> _Task directions_: Pictures appear among the records below and must be omitted. Repeat exactly the lines from the line with "Un detector de" to the line with "Henry can expect", both included.

--

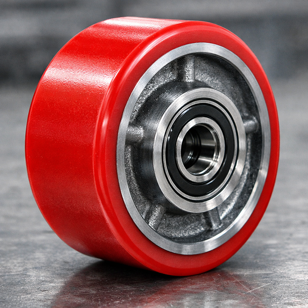 耐摩耗性に優れ、コンクリート床や倉庫内での頻繁な走行にも強く、長期間にわたって安定した使用が可能です。適度な弾性があるため、走行時の振動や衝撃を吸収し、騒音を抑えながらスムーズな転がりを実現します。
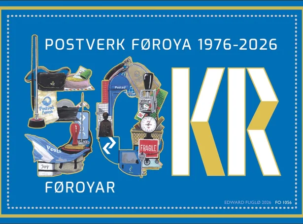 Edward Fuglø hevur sniðgivið snøgga frímerkið, sum hevur eyðkenda bláa Posta-litin, og er prýtt við gullfoliu. Hetta ger arkið til nakað serligt. Frímerkið myndar eina kollasju í skapi sum talið 50 samansett av gerandis brúkslutum, sum nýttir eru í samskiftinum við viðskiftafólk hjá stovninum ígjøgnum árini – frá fyrstu frímerkjunum í 1976 til nýmótans Posta-appina. Millum lutirnar sæst eisini tann eyðkendi hvíti rúsdrekkakassin.
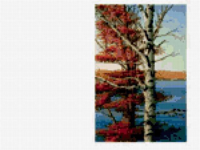 Ориентировочно так, схема вышивки «Berioza», созданная автором ekako, будет выглядеть при отшиве на канве. Размер данной вышивки равен 150x113 крестов, при этом используется 49 цветов. К несчастью, автор не назначил для схемы ключевые слова. Также, вы можете взглянуть на оригинальную картинку, соответствующую данной схеме вышивки.
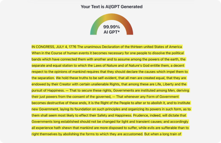 Un detector de AI marcó la Declaración de Independencia como 99.99% generada por inteligencia artificial.
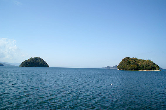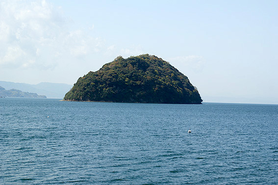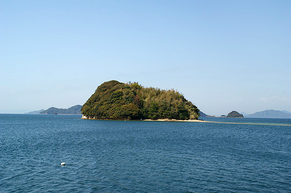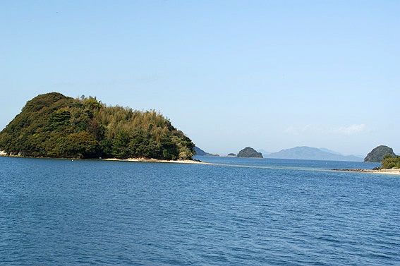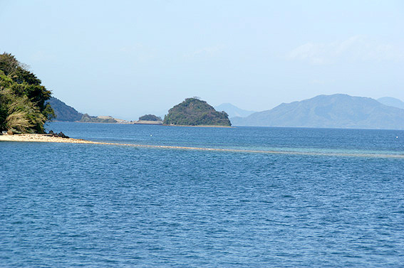 もしや、潮が引くとあの島へ行く道が出てきちゃったりしたりして?
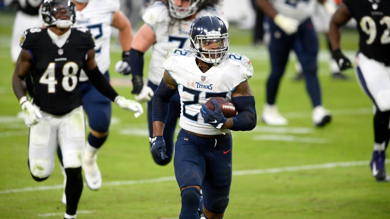 Henry can expect the high volume of carries to continue as the Titans enter the postseason on Sunday against the Ravens (1:05 p.m. ET, ESPN/ABC). The 6-foot-3, 247-pound back ran the ball 83 times in last year’s postseason, including a 30-carry, 195-yard performance in a 28-12 win over the Ravens in the divisional round.
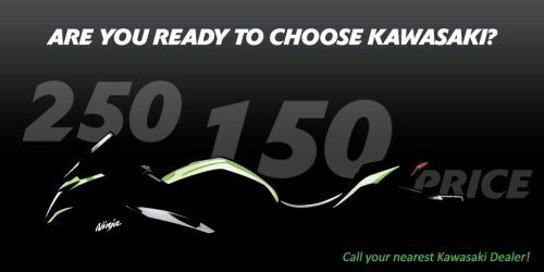 Kawasaki Ninja 250 SL bakal seharga sport 150cc – motorrio.com – Kawasaki lagi bikin para bikers geger nih, karena merilis teaser siluet Kawasaki Ninja 250 SL dengan tulisan Are You Ready to Choose Kawasaki dan tulisan gede 250 150 price dibawahnya.
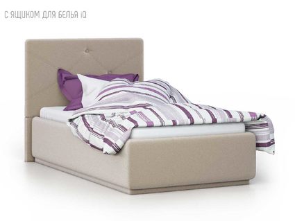 Кровать укомплектована IQ с подъемным механизмом и ящиком для белья без дна (дополнительная платная опция - дно к ящику IQ из HDF (ХДФ). Каркас кровати на цоколе, декоративный чехол на цоколе съёмный. Глубина ящика для белья - 30 см, без ограничения нагрузки на ящик.

--

> _The answer_:
 Un detector de AI marcó la Declaración de Independencia como 99.99% generada por inteligencia artificial.
 もしや、潮が引くとあの島へ行く道が出てきちゃったりしたりして?
 Henry can expect the high volume of carries to continue as the Titans enter the postseason on Sunday against the Ravens (1:05 p.m. ET, ESPN/ABC). The 6-foot-3, 247-pound back ran the ball 83 times in last year’s postseason, including a 30-carry, 195-yard performance in a 28-12 win over the Ravens in the divisional round.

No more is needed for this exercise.